Thats a question that will garner many different answers. I would add the potash at the time of planting and I would lightly till it in after you do your final till but just before you put down seed. Good luck.
 
The best time to lime or fertilize plots (in most cases) is yesterday. Only exceptions I can think of would be not fertilizing trees or crops late fall so they go dormant instead of putting out new growth. Urea I believe needs rain soon after spreading to be affective, but I have never used it personally.
 
Lime takes much longer to have an impact than fertilizers do.....so the sooner you get it in the soil the better. Fertilizer on the other hand will be made available to any and all plants that are actively growing......so if you spread early and then wait to plant.....your just feeding the weeds.
 
However all plots were very low in potash. So my question is that if I want to start the tilling process now with lime... can I add 0-0-60 now with the lime and plant later or should I mix that in with other fertilizer when tilling/planting date comes?

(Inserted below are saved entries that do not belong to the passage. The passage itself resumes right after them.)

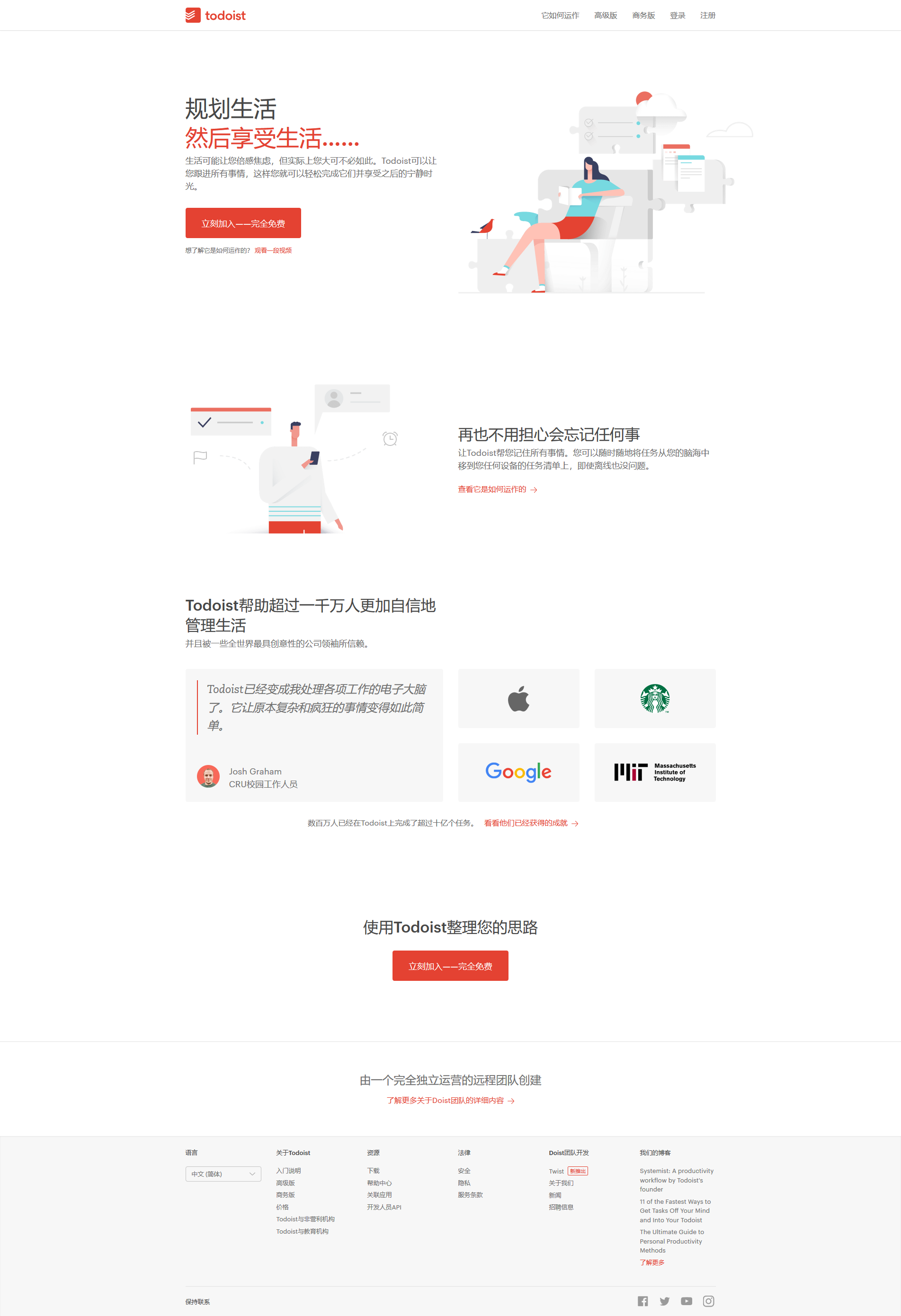 如to do 1ist官網(wǎng)(見圖1),該界面通過對比、留白和布局來打造令人難忘的均衡感,其設(shè)計每個功能特點都是一張配圖與一段文字,其中圖片所占比例大而文字較小且四處留白,這種差異會讓文字立刻吸引用戶的注意力。
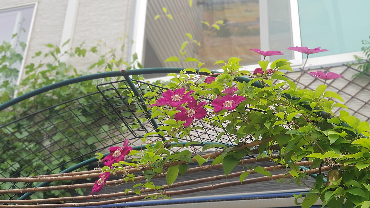 <6월 초, 뒤뜰의 아치에 뒤늦게 핀 클레마티스 녹턴, 5월과6월의 봄꽃>
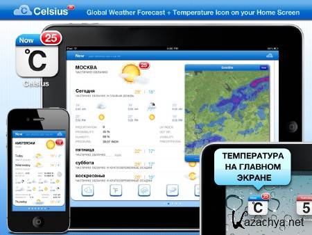Цельсия - потрясающее новое приложение для погоды, которое использует новейшие технологии, чтобы показать вам текущую температуру в любом месте прямо на вашем iPhone / рабочем столе Вашего IPad. Помимо температуры в реальном времени, на рабочем столе по Цельсияу также находится приложение о погоде номер один, которое предоставляет вам многочисленные подробные сведения о погоде неограниченного количества городов мира, упакованные в великолепный дизайн и пользовательский интерфейс!

Potassium is rather immobile in the soil, it does not leach down like Nitrogen does. Yes, till the 0-0-60 in with the lime, then it will be in the root zone where the plants can utilize it as it breaks down. You could also till in some gypsum as a sulfur source. ;) Your nitrogen and phosphorus you can put down at planting time.
 
Some soils leach potassium fairly readily. Others do not. I think those that do not far outnumber those that do. You lime and fertilizer when your soil test says you should, when there are extra dollars or availability on the credit card, and when the time is on your side.
 
Lime takes much longer to have an impact than fertilizers do.....so the sooner you get it in the soil the better. Fertilizer on the other hand will be made available to any and all plants that are actively growing......so if you spread early and then wait to plant.....your just feeding the weeds.

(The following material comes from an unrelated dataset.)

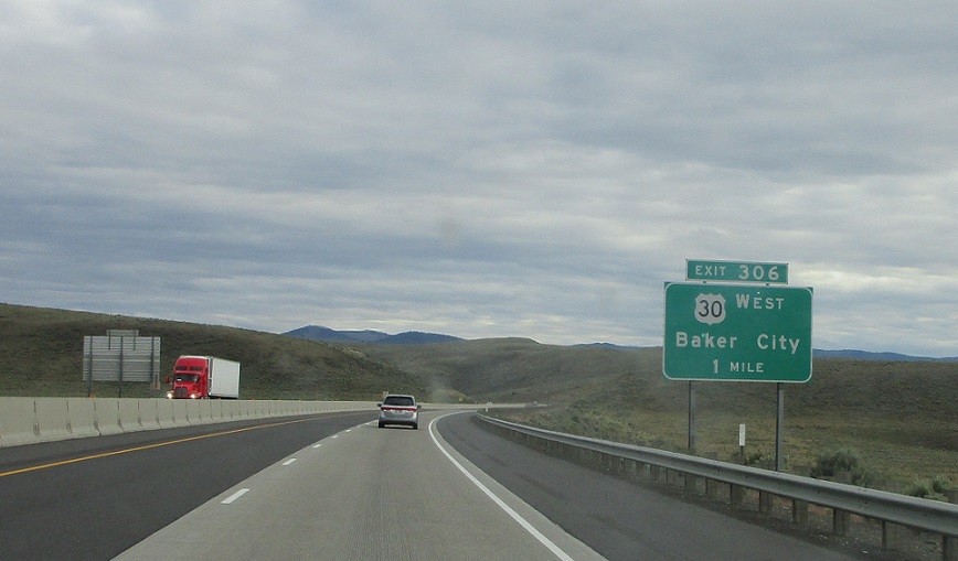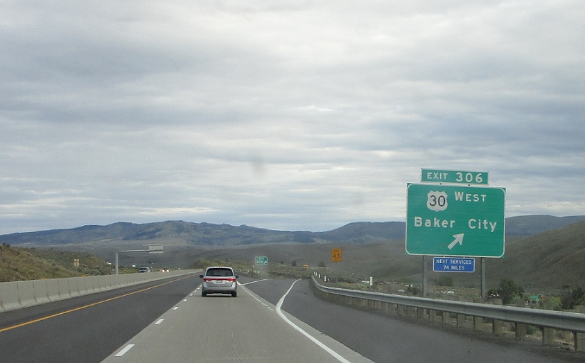 US-30 will rejoin the freeway here pretty soon, taking westbound 30 goes through downtown Baker City and up to Haines before rejoining I-84
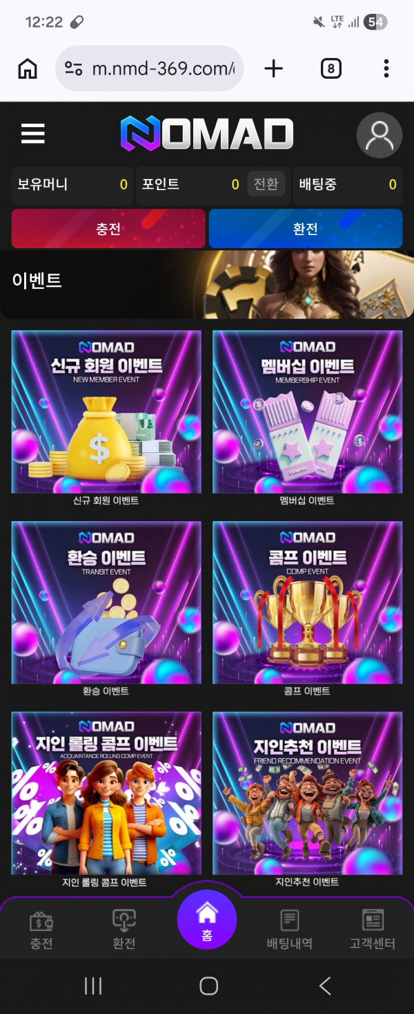 노마드 사이트 요즘 이용하는데 사이트 깔끔하고 좋은거 같아요 이벤도 다양하고 입금도 간편하고 다들 이용해보셔요

My soils are fairly fertile and balanced so I have not done a lot of research on the science behind the parts of fertilizers. After doing a little reading, I understand what j-bird is saying and agree with him now. Lime isnt used up so there is not risk of it being "wasted" on weeds. NPK can all be used up before our target plants can use them. If It was more convenient to fertilize now instead of at planting, I would make sure I limited weeds as best as possible, either through spraying or disking them under.
 
Like was stated some components of fertilizer are more mobile in the soil than others (and its rate of mobility is impacted by the soil type you have).....Nitrogen for example is very mobile for me. As such I don't apply ANY fertilizer until it's time to plant....I want as much of that fertilizer (regardless of component) to go towards my plot plants and not the weeds. I try to spray (if needed), fertilize, till and plant all in consecutive days IF mother nature cooperates. I have only a few small plots and I live on the property so I have that luxury.
 
Typically J-Bird we do exactly the same way you do it. I was just curious on the potash alone, I know adding nitrogen is a bad idea until plant date. Thank you all for the help
 
You really need a complete soil test to know. If your CEC is below 10, you'll likely see some K leaching. However, I've got a plot that's 8.5 CEC but showing some signs of poor drainage. Not sure if my K will leach or not, but I'm pushing 350 lbs/ac this year to jump my K up where I want it. I'll test again next spring to see how much I retained.